Selain mempelajari bagaimana sila-sila Pancasila berperan bagi karakteristik
jati diri bangsa, sebagai generasi penerus bangsa, tentunya kita juga harus memiliki
kesadaran serta kepedulian untuk mempersatukan perbedaan-perbedaan yang ada pada
status sosial dan strata sosial. Dengan mempelajari pendidikan Pancasila, seharusnya
memunculkan prinsip serta pandangan kita tentang bagaimana cara bertindak yang
sesuai dengan karakteristik bangsa Indonesia. Melalui kesadaran masing-masing
personal, kita dapat mengembangkan pola pikir yang sehat, serta dapat memunculkan
prakarsa untuk berperilaku sesuai dengan norma-norma, serta adab yang baik bagi
kerukunan antarumat manusia.
Untuk menyikapi problema-problema yang muncul sebagai penyebab
terkikisnya jati diri bangsa, maka dari itu sebagai generasi muda yang menjadi bagian
progresivitas sumber daya dalam meningkatkan kualitas bangsa, kita wajib
mempelajari bagaimana solusi yang efektif untuk menghindari adu domba serta
perpecahan antarumat pada masyarakat bangsa Indonesia.
Sebagai bangsa multikultural yang terdiri dari berbagai macam latarbelakang
agama, suku, ras, dan anatargolongan, sudah sepatutnya kita mempelajari bagaimana
cara toleransi terhadap perbedaan yang ada, serta meningkatkan paham pluralisme
untuk turut bangga dalam keragaman diversitas yang dimiliki bangsa Indonesia.
Dengan demikian, permasalahan perpecahan antarumat yang disebabkan oleh
rasa dominasi suatu golongan terhadap golongan lain yang dianggap minoritas, dapat
terselesaikan dengan cara menerapkan rasa toleransi serta menghargai antar sesame
umat manusia. Sebagai syarat tercapainya kemaslahatan bangsa Indonesia, kita harus
memiliki kesadaran untuk menciptakan perdamaian serta ketentraman bagi atmosfer
bangsa Indonesia. Oleh karena itu, matakuliah Pancasila sebagai salah satu pendidikan
yang wajib dipelajari pada sekolah dan perguruan tinggi, dapat menjadi pedoman
untuk memunculkan kesadaran generasi muda dalam menumbuhkan nilai-nilai moral,
serta mengembangkan jiwa patriotisme dan nasionalisme untuk mempersatukan, serta
memakmurkan bangsa Indonesia.

2. Pendekatan dan kajian Pancasila di PT yang semestinya dilakukan di PT yaitu secara ilmiah
filosofis. Akan tetapi yang terjadi pada saat ini kajian masih sama dengan pada saat SMA
atau bahkan di tingkat pendidikan sebelumnya. Hal ini akan menimbulkan pendidikan
Pancasila sebagai mata kuliah terkesan mengulang-ulang dan membosankan.
a. Apakah Keuntungan yang diperoleh dengan mengkaji Pancasila secara Ilmiah?
b. Jelaskan: sudut pandang filosofis untuk mengkaji bentuk dan susunan Pancasila!

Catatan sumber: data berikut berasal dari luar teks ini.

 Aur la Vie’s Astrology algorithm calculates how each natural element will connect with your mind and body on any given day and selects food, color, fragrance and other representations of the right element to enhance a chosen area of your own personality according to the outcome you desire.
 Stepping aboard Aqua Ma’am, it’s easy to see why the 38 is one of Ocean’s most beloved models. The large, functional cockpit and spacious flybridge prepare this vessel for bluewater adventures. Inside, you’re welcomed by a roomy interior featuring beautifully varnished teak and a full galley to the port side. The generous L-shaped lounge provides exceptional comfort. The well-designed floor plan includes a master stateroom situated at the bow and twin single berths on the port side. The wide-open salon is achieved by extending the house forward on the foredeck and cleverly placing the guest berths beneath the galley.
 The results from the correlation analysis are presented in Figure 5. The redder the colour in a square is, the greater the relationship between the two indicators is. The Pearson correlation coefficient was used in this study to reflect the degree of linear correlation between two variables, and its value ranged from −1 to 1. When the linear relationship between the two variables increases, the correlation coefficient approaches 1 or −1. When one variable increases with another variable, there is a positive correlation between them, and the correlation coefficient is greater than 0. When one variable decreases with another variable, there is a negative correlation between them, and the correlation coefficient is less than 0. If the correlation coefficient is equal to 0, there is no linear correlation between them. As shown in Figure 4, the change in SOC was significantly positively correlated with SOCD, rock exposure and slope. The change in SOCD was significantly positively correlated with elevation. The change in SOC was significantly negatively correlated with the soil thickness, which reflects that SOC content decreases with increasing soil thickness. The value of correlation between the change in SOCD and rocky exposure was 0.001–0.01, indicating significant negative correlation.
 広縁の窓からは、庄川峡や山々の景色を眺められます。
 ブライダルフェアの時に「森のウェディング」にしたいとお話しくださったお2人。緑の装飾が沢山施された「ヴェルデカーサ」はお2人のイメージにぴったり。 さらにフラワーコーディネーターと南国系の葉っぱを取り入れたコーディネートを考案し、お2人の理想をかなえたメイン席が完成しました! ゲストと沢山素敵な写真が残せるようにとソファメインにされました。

c. Jelaskan penggunaan metode ilmiah analitiko sentesis untuk mengkaji sila kedua
Pancasila. (Pandangan Notonagoro tentang manusia).

Jawab :
a. Keuntungan yang diperoleh dengan mengkaji Pancasila secara Ilmiah
Menurut kutipan dari “Pendidikan Pancasila” (Rukiyati, Lusila Andriani,
2008:15-16), Pancasila sebagai pengetahuan manusia merupakan pengetahuan yang
reflektif, bukan pengetahuan spontan. Proses penemuan pengetahuan Pancasila ini
diperoleh melalui kajian empiris dan filosofis terhadap berbagai ide atau gagasan,
peristiwa dan fenomena sosio-kultural religius masyarakat Indonesia. Hal ini
menandakan bahwa Pancasila dikaji sebagai ilmu yang diimplementasikan dari hasil
kebudayaan serta fenomena sosio-kultural yang terjadi pada masyarakat Indonesia.

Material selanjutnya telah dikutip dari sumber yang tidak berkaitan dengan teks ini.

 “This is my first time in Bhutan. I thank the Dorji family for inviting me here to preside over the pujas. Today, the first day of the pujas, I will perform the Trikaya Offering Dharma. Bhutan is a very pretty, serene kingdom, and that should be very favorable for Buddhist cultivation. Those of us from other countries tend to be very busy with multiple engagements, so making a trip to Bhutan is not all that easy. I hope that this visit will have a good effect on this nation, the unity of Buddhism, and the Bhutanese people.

Sila-sila yang terkandung dalam Pancasila berasal dari cerminan nilai yang diciptakan
oleh kepribadian masyarakat Indonesia sejak zaman dahulu.
Pengetahuan Pancasila dapat diklasifikasikan sebagai pengetahuan yang
reflektif sebab pengetahuan ini telah mengalami uji coba dimulai dari mengenai
bagaimana keselarasan dengan kepribadian masyarakat Indonesia, hingga Pancasila
dapat menjadi sebuah ideologi yang sistematis dan terstruktur.

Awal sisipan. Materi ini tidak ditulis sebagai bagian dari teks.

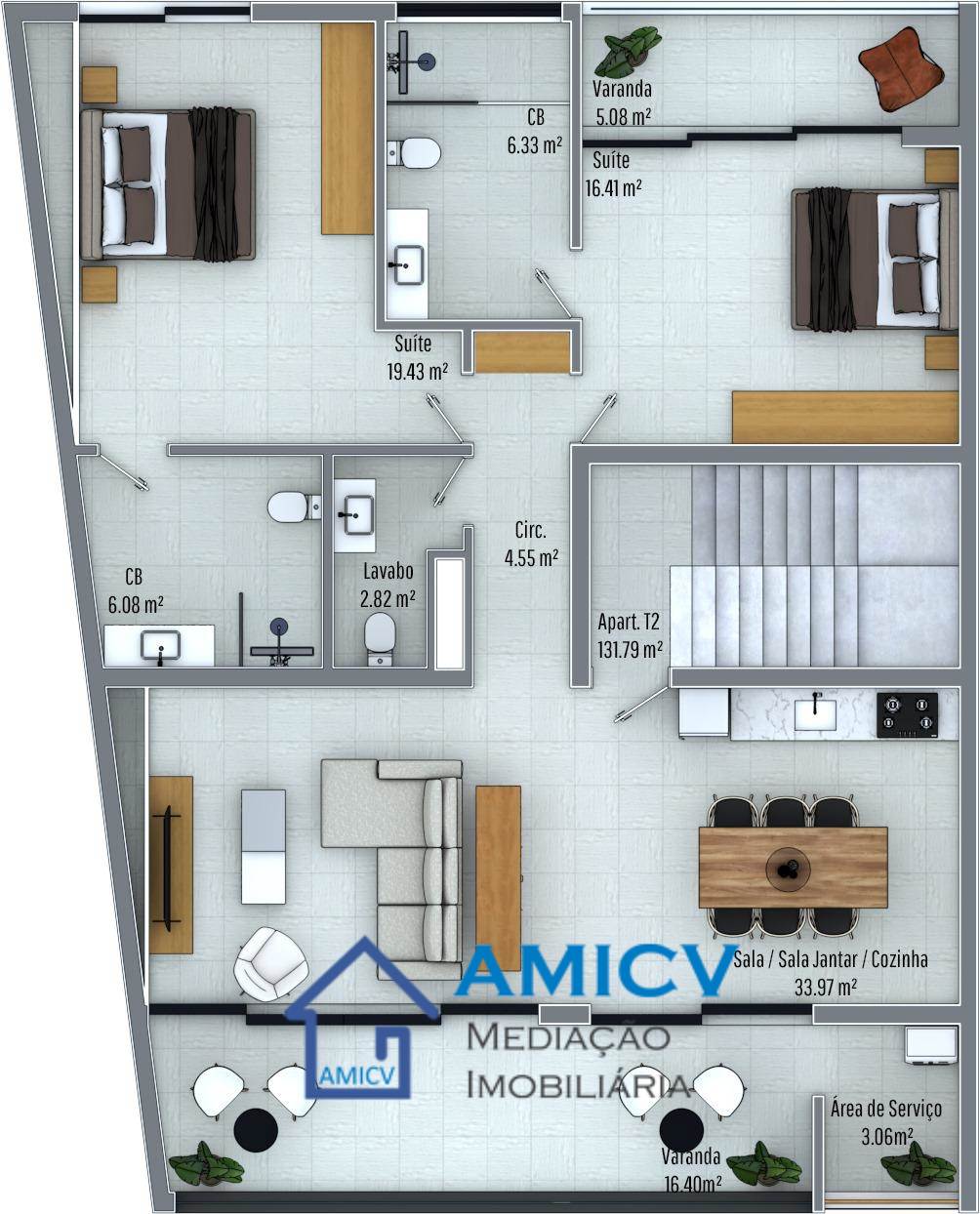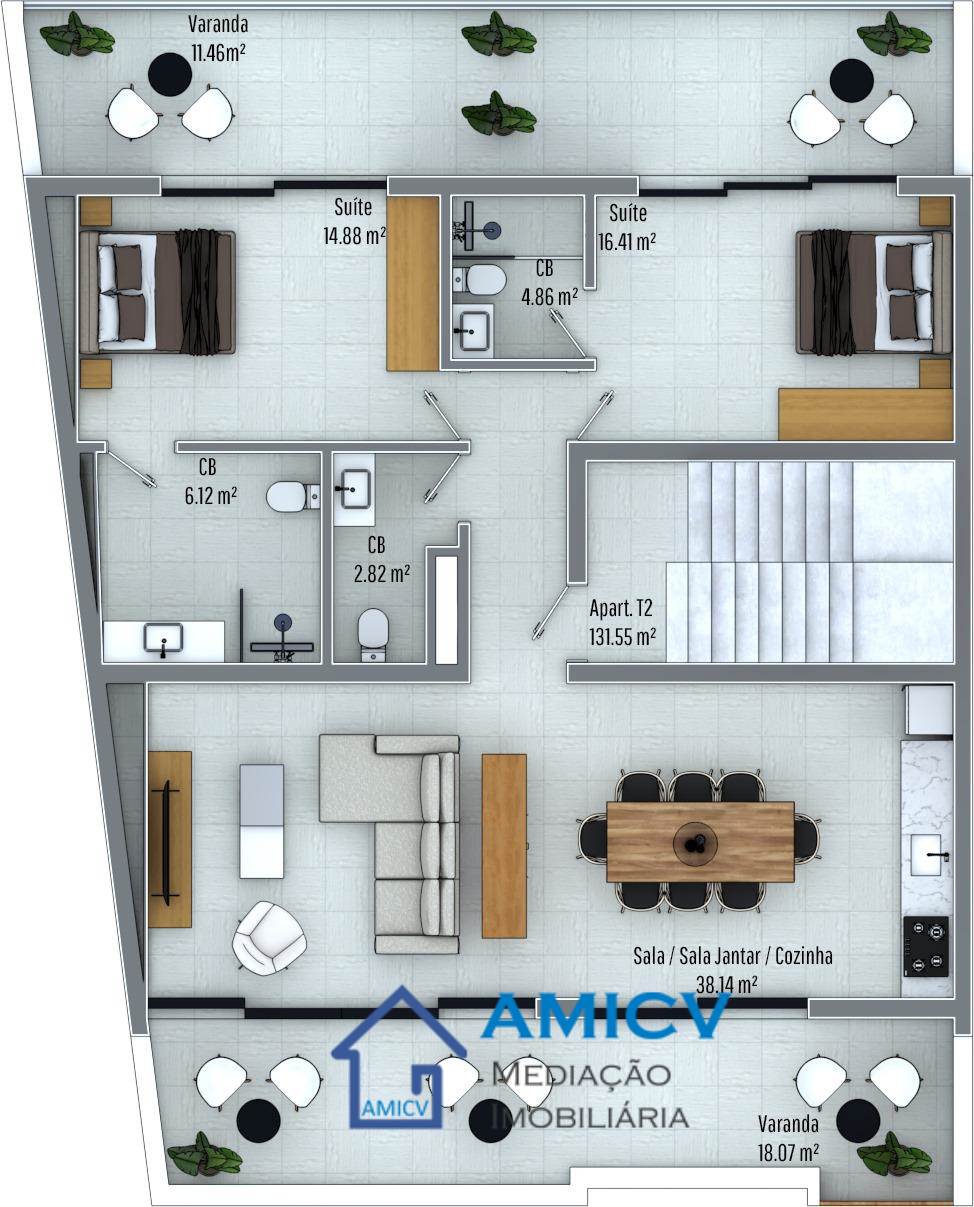 AMICV, Agência Imobiliária em Cabo Verde, apresenta em exclusiva estes apartamentos T2 amplos, com possibilidade de garagem, na zona de Chà de Alecrim. O predio com 4 andares e uma cave está em construção. Cada andar tem um único apartamento T2 com áreas generosas de 92,86 m² ou 131,79 m² e quartos amplos e iluminados. Os apartamentos são constitudos por: 1° PISO | T2 com 77 m² . Cozinha equipada open space com sala de jantar e sala de estar . 1 suite com casa de banho privativa . 2 casas de banho, sendo uma privativa 2° – 3° – 4° PISO | T2 com 131,79 m² + 2 varandas . Ampla cozinha equipada open space com sala de jantar e sala de estar . 2 suite com casas de banho privativas . 3 casas de banho, sendo 2 privativas Possibilidade de garagem. CAVE | Cada garagem tem uma entrada independente e uma casa de banho com sanita e lavabo. Os diferentes tamanhos permitem desfrutar da melhor forma deste espaço. Garagem 1 com 76,98 m² e garagem 2 com 24,87 m². Possibilidade de venda conjunta. 1° PISO | T2 com 77 m² : €100.000 | CVE11.026.500 2° PISO | T2 com 131,79 m²: VENDIDO 3° PISO | T2 com 131,79 m²: VENDIDO 4° PISO | T2 com 131,79 m²: RESERVADO CAVE | Garagem 1 com 76,98 m²:RESERVADO Garagem 2 com 24,87 m²: VENDIDO

Oleh karena itu, keuntungan yang diperoleh dengan mengkaji Pancasila secara
ilmiah adalah ilmu yang diterapkan dalam kajian ilmiah Pancasila, memiliki nilai serta
tabiat yang dekat dengan kehidupan masyarakat sehari-hari. Dengan demikian, hal ini
dapat mempermudah pengkajian ilmu Pancasila karena memiliki pendekatan yang
serupa dengan kegiatan sehari-hari masyarakat Indonesia.
Dengan demikian, kajian Pancasila secara ilmiah dapat menjadi salah satu
alternatif penelitian yang mudah bagi berbagai bidang, seperti bidang sosio-kultural,
filsafat, sosial-politik, teknologi, dan bidang lainnya.

b. Sudut pandang filosofis untuk mengkaji bentuk dan susunan Pancasila


Menurut penjelasan dari “Pendidikan Pancasila” (Rukiyati, Lusila Andriani,
2008:16-17), Pancasila sebagai pengetahuan ilmiah-filosofis dapat dipahami dari sisi
verbalis, konotatif, denotatif. Apabila dipahami dari sisi verbalis, maka Pancasila
hanya dipahami dari rangkaian kata-kata saja. Rangkaian kata-kata tersebut hanya
menunjukkan sudut pandang secara simbolis, belum berupa penerapan secara realistis
dan komperehensif di kehidupan sesungguhnya.Sedangkan Pancasila dalam sudut
pandang konotatif, masih dimaknai sebagai bahan analisis melalui metode penelitian,
belum terbukti benar adanya. Selanjutnya, Pancasila dalam sudut pandang denotatif
merupakan sudut pandang yang paling realistis, sebab sudut pandang ini diambil dari
fakta serta objektifitas yang diambil dari keseharian masyarakat Indonesia dalam
menerapkan sila-sila Pancasila.
Namun, sudut pandang tersebut tidak dapat saling berhubungan, sebab sudut
pandang verbalis belum tentu dapat direalisasikan secara sudut pandang denotatif.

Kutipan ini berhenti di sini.